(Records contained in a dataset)

#####

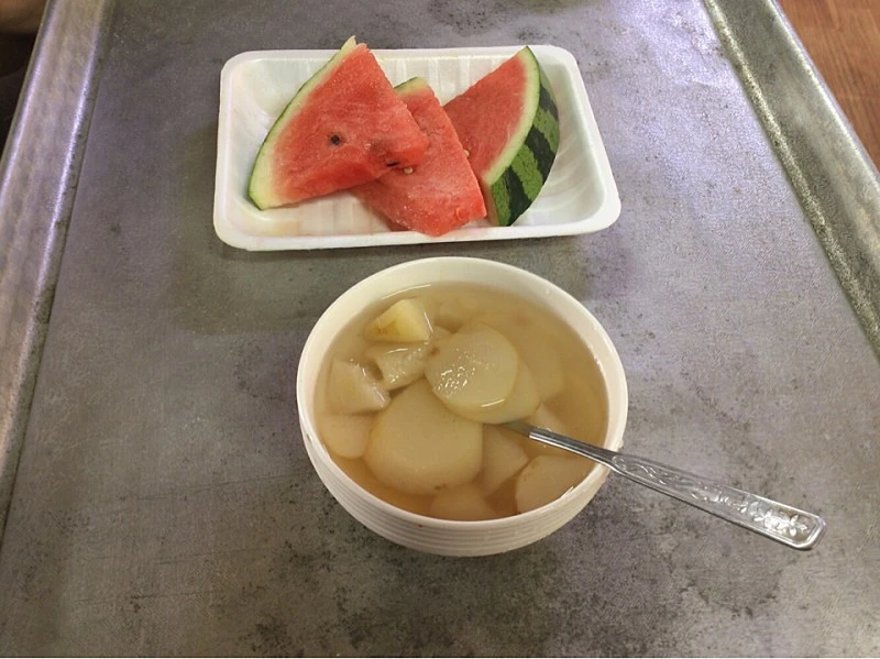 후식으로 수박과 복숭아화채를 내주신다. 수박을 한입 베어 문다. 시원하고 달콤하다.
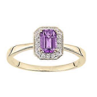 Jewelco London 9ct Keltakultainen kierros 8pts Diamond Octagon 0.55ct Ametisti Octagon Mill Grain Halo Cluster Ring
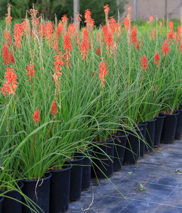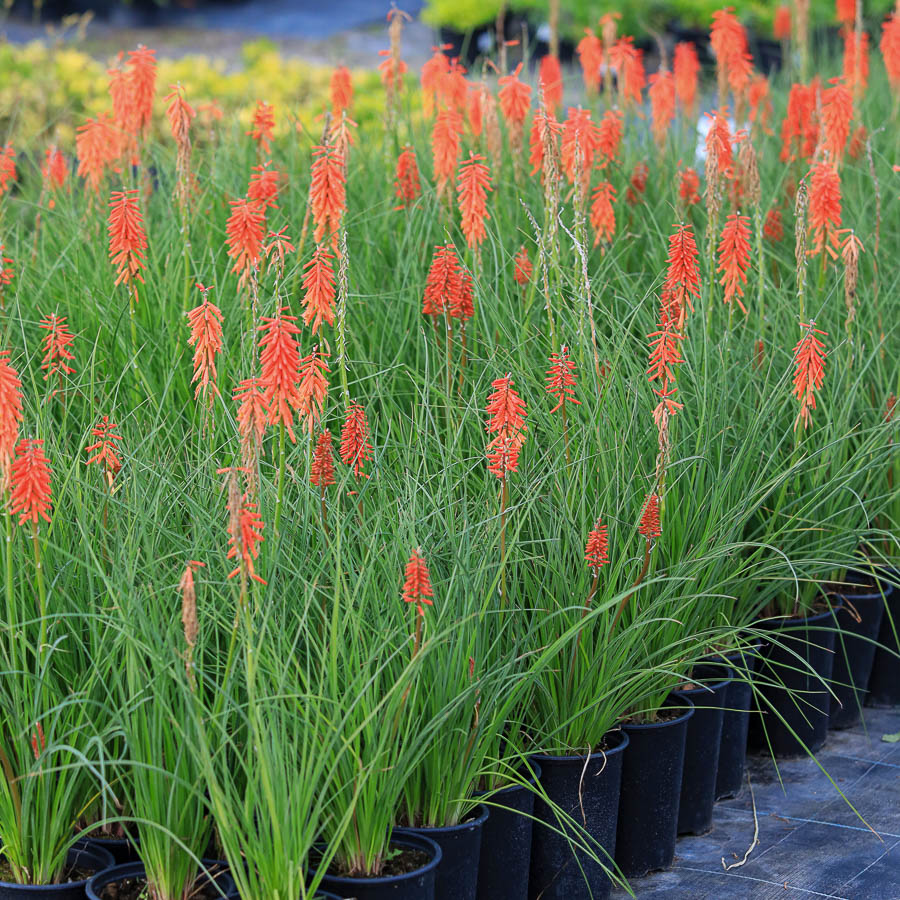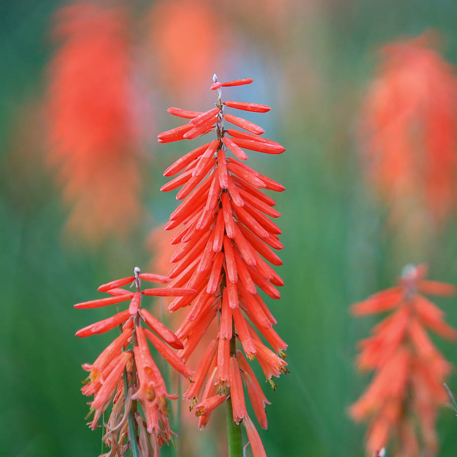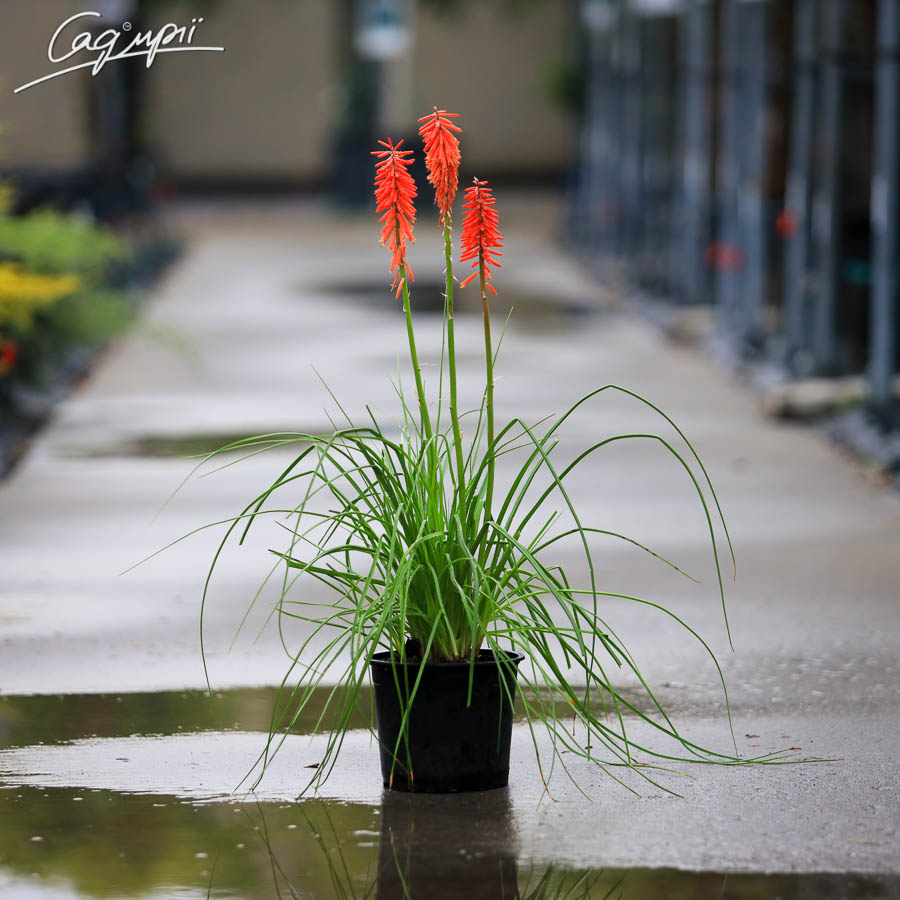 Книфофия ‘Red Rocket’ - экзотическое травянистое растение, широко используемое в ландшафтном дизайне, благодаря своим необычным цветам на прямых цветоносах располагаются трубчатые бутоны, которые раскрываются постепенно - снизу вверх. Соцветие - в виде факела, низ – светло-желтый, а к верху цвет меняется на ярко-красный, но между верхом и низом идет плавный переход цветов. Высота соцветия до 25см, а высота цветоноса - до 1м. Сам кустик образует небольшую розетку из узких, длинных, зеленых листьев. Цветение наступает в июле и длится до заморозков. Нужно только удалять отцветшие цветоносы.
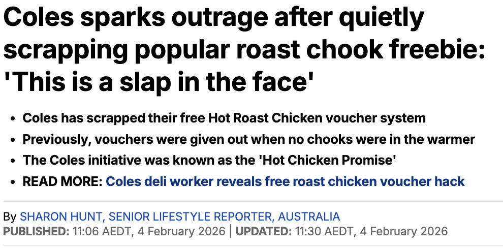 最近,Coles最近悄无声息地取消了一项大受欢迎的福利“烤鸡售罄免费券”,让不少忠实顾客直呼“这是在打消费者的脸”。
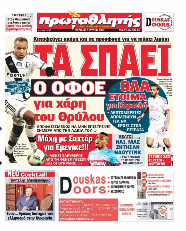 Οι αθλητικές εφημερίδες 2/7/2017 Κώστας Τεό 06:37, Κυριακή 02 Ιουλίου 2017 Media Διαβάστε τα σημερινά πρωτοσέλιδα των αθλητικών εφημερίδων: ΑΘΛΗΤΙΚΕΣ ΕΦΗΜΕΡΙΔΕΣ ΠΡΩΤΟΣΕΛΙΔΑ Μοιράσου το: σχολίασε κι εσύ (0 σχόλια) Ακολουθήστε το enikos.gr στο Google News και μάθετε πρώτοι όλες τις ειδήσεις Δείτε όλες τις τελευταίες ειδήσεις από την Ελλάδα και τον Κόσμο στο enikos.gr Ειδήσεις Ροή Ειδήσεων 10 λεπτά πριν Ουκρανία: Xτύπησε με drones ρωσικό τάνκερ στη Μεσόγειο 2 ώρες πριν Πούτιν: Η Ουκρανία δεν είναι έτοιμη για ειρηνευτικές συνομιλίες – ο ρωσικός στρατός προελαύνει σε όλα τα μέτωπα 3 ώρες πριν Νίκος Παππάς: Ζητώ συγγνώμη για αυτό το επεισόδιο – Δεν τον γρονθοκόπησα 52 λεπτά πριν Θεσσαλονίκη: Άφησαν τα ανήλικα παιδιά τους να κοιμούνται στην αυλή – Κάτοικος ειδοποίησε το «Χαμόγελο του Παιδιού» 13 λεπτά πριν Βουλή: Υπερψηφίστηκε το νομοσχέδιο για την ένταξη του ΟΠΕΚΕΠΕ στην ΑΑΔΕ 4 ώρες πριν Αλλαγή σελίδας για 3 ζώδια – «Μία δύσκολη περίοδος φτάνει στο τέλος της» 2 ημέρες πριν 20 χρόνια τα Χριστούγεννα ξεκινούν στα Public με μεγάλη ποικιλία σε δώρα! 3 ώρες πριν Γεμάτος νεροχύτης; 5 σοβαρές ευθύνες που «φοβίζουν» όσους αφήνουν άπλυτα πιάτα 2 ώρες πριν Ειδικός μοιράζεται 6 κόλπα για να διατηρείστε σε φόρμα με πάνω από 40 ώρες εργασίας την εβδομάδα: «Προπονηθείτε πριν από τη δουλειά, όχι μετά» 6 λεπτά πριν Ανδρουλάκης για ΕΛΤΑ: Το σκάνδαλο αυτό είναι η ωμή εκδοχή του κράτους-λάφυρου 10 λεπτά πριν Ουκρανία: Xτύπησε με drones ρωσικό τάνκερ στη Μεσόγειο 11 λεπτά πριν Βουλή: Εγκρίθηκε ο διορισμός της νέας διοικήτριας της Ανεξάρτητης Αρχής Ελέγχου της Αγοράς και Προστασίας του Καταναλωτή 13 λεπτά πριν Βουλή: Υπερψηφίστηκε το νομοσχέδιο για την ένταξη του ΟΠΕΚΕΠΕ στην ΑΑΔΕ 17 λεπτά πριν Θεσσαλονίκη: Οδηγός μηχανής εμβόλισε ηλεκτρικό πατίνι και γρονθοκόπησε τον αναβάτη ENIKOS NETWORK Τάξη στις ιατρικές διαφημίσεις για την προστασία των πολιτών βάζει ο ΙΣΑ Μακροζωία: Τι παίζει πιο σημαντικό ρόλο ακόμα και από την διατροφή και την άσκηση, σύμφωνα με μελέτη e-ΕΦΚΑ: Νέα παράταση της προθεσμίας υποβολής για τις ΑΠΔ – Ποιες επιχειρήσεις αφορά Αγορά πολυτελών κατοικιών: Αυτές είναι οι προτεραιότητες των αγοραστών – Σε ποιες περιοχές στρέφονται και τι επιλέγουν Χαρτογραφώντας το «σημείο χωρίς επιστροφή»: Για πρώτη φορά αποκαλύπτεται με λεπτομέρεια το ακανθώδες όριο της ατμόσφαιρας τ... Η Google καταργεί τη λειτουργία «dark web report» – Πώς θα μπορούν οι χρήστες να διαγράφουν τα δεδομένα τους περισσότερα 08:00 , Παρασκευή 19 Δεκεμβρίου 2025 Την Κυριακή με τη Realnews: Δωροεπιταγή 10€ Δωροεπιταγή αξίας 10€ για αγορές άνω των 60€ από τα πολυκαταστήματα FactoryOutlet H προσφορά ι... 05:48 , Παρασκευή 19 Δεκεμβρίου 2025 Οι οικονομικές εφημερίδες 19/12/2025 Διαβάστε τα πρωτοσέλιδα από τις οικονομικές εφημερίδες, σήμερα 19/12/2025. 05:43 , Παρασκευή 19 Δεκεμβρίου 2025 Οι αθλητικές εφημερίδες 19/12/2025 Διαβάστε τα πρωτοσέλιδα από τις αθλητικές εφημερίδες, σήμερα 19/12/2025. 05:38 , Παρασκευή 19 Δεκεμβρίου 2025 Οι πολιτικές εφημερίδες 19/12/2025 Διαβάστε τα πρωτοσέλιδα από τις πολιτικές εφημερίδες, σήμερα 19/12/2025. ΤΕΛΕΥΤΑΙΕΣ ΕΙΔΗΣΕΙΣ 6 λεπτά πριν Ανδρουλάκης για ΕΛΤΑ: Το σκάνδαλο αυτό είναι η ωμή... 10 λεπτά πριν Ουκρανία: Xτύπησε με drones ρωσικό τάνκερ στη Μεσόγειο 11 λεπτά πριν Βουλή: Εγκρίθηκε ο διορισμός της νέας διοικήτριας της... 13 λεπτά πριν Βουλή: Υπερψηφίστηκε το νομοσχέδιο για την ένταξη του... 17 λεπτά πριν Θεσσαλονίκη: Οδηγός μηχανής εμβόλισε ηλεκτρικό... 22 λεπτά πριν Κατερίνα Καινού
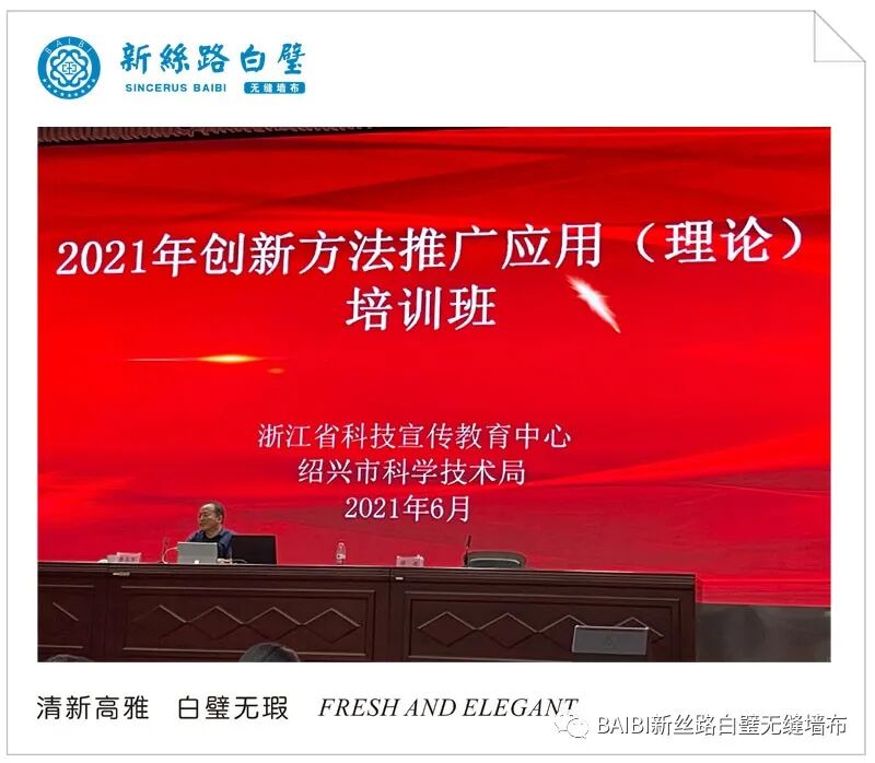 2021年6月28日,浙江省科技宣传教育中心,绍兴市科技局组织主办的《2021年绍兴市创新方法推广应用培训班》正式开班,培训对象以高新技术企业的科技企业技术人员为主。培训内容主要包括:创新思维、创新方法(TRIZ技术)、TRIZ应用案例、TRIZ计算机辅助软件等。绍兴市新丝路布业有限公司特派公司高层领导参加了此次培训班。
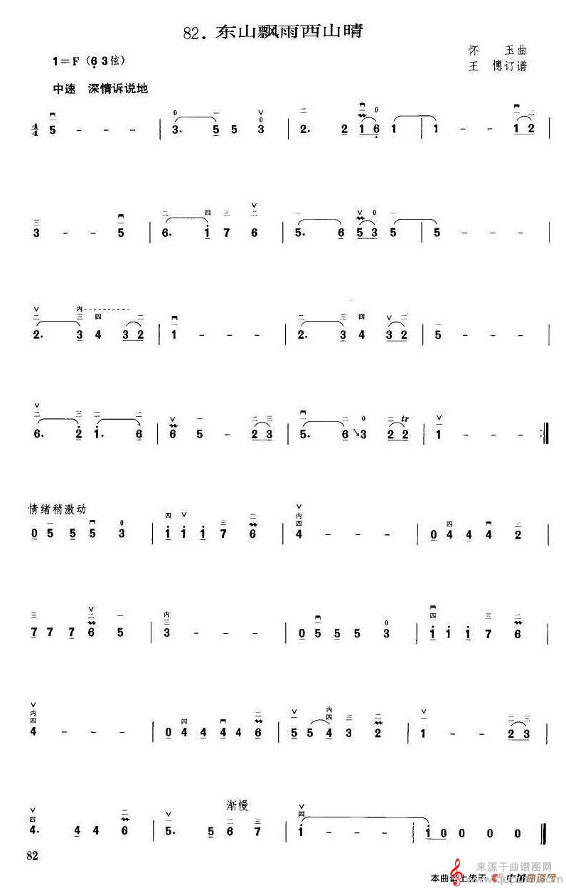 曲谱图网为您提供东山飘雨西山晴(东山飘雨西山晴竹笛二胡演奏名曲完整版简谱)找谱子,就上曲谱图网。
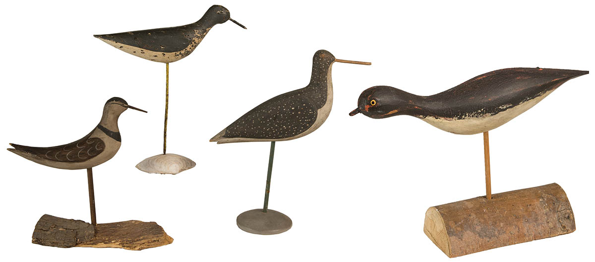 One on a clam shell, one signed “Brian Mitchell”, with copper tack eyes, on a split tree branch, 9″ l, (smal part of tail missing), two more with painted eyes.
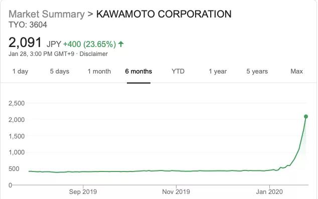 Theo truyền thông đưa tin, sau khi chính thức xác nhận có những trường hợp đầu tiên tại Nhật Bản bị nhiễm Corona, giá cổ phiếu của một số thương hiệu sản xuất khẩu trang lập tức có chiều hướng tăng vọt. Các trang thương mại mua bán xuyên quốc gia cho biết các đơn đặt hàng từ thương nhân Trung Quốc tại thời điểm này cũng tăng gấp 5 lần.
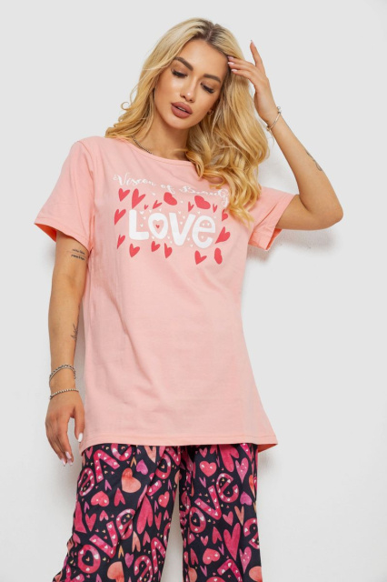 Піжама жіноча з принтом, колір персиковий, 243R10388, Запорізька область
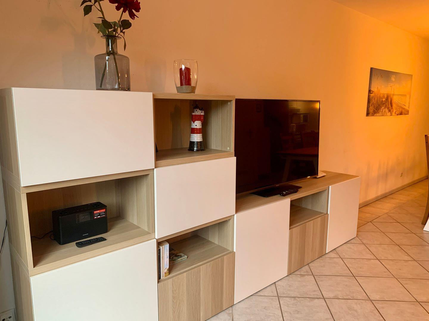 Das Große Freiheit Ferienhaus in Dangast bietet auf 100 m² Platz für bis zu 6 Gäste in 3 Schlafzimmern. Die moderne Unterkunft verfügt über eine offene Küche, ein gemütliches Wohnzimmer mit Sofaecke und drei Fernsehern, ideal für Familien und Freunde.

#####

(ASSIGNMENT)
Please restate word for word each line from the one containing "Піжама жіноча з" to the end of the data above, without the pictures.

(TASK RESULT)
 Піжама жіноча з принтом, колір персиковий, 243R10388, Запорізька область
 Das Große Freiheit Ferienhaus in Dangast bietet auf 100 m² Platz für bis zu 6 Gäste in 3 Schlafzimmern. Die moderne Unterkunft verfügt über eine offene Küche, ein gemütliches Wohnzimmer mit Sofaecke und drei Fernsehern, ideal für Familien und Freunde.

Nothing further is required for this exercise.